If we make the analogy that drama is a language for presenting emotional energy and that, as a language, it possesses its own, unique grammar for the construction and presentation of meaningful dramatic actions, then it is not a very big leap to say that every dramatic film scene is analogous to a sentence, for like a sentence, the dramatic scene is the expression of a complete idea - a complete DRAMATIC idea. And like a sentence it is composed of a SUBJECT (the character driving the scene), a VERB (the central action of the scene) and an OBJECT or OBJECTIVE (what the character is striving for).
Every successful dramatic screenplay presents meaningful (emotionally compelling) and identifiable characters and character actions through an inter-connected succession of inter-related scenes, which creates sequences ("paragraphs"), and acts ("chapters") and ultimately a complete story.
The actions presented are instances of a character's desire to either achieve or attain some objective or goal, or overcome some problem or obstacle that threatens their well-being or plans, and the well-being of whatever it is they care about, usually another character or characters. In the Australian film, Sampson and Delilah, for example, the evolving relationship between the two prinicipal characters is tested by a series of crises that results in one of them committing to the well-being of the other.
Dramatic films - fictional and factional - are driven forward, narratively, by the actions of their characters. Every scene in a dramatic narrative has a beginning, a middle and an end, that evidences a change in the emotional and/or physical circumstances of at least one of the characters. A dramatic scene usually "belongs" to the character that is driving the action of the scene, and whose actions most decisively effect the movement or change that occurs within it; however, the main character of the story is not necessarily the character that will drive every scene, even though that character may be present in every scene.
Echoing the main conflict of the story, the conflict inside each scene is most successful (emotionally meaningful) if it is grounded in a character's over-arching goal or desire, and the frustration of, or threat posed to, that desire by the other characters, or by nature, or both.
A dramatic character is, by definition, a character that is striving for something, or as Michael Shurtleff observed, "a character that is fighting for something".
Striving is only meaningful when it is clear that the goal is worthwhile or when failure to achieve the goal carries dire consequences. There must be risk and the chance of failure for drama to occur. Risk and the possibility of failure occurs most commonly when someone or something opposes the character's best attempts to achieve his or her objective or goal. The ensuing conflict that emerges from this opposition MOVES the character to act, and their actions move them either closer to or further away from their goal. A verbal clash between characters that results in no change whatsoever is not (dramatic) conflict.
Inexperienced screenwriters usually associate verbal altercations with conflict, whereas real conflict is an obstruction to the desire or goal inside the scene. A dramatic goal, by definition, is what is to be won or lost; it stimulates the plans of action enacted by the character to achieve that goal. If what the character wants is given to him/her too easily, the opportunity to build emotional energy through opposition is lost. And if the character merely avoids the confrontation, as is the case in far too many Australian screenplays, the character is rendered passive and emotionally uninteresting.
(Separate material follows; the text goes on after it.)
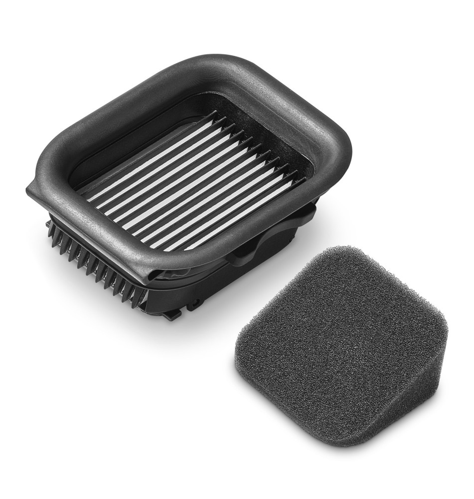 Wielostopniowy system filtrów Duo!Pure do mopów elektrycznych KFL 1, FCV 2 i FCV 3, składający się z płaskiego filtra plisowanego i filtra gąbkowego, zapewnia niezawodną ochronę przed wilgocią i gwarantuje doskonałą filtrację. Wysoce wydajny płaski filtr plisowany skutecznie wychwytuje nawet najmniejsze cząsteczki z powietrza. Tryb suchy idealny do stosowania na dywanach i wykładzinach.

In successive dramatic scenes, what the main character does and what happens to him or her as a result of what s/he does, is the driving force behind the emotional energies that are being built or released.
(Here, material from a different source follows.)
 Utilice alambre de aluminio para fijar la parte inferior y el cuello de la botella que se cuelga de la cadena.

In each dramatic scene, a character will do something that brings him/her closer to his/her goal, or propels him/her further away from the attainment of that goal.
Each instance of change effects each subsequent instance of change insofar as it provides the circumstances and conditions what happens next. In this way, dramatic screen storytellling might be characterised as a cause-and-effect process guided by a series of shots (cuts) that continuously direct the audience's attention to that region of the story (action) that most elegantly and powerfully elaborates the nexus of forces at work in the emotional lives of the characters.